Balancing oxidative stress begins with lifestyle. Both Phillips and McDonald emphasize that regular exercise and proper nutrition remain the most effective ways to preserve muscle health.

Physicians recommend resistance training for increasing muscle strength and power. Muscle loss with aging cannot be prevented, but it can be slowed with lifestyle choices.

“Resistance training is king, and good nutrition is queen,” Phillips said. “Until we invent the anti-aging pill, we’re left with lifestyle choices.”
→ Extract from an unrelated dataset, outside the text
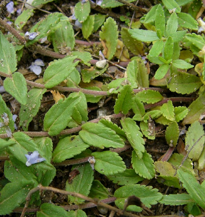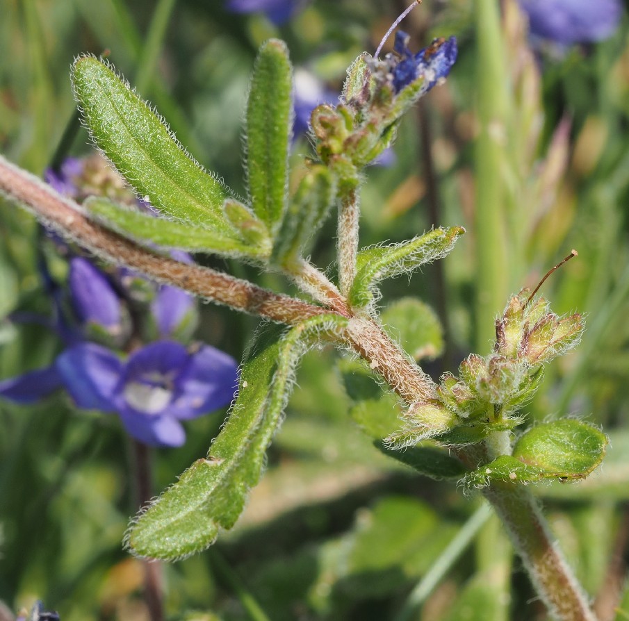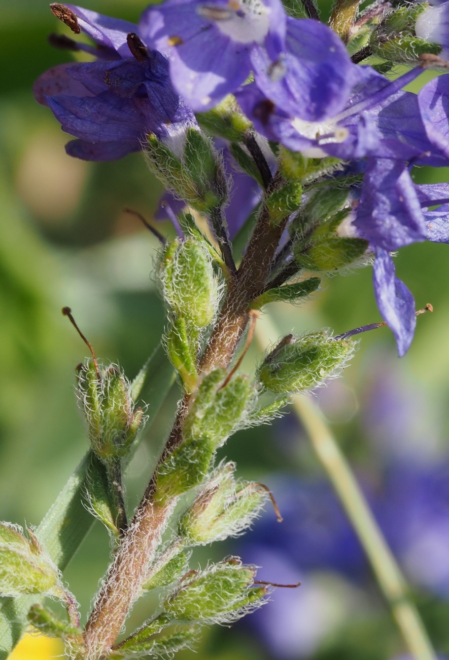 Blüten blassblau Kelch und Fruchtkapsel behaart,

Sarcopenia is not inevitable. Resistance and strength training, combined with adequate protein and vitamin D intake, can slow muscle loss and preserve independence.

Evolutionary biology shows that species adjust ROS-regulating proteins based on their muscular demands, flying, sprinting or swimming. Humans cannot evolve that quickly, but exercise triggers epigenetic changes that enhance muscle function and antioxidant response even late in life.

No amount of exercise will increase a human’s lifespan. Instead, Phillips said, people should be focusing on increasing “healthspan.”

McDonald agrees: “We should be realistic but optimistic. It may not be running a marathon again but getting out of the house to have lunch with friends.”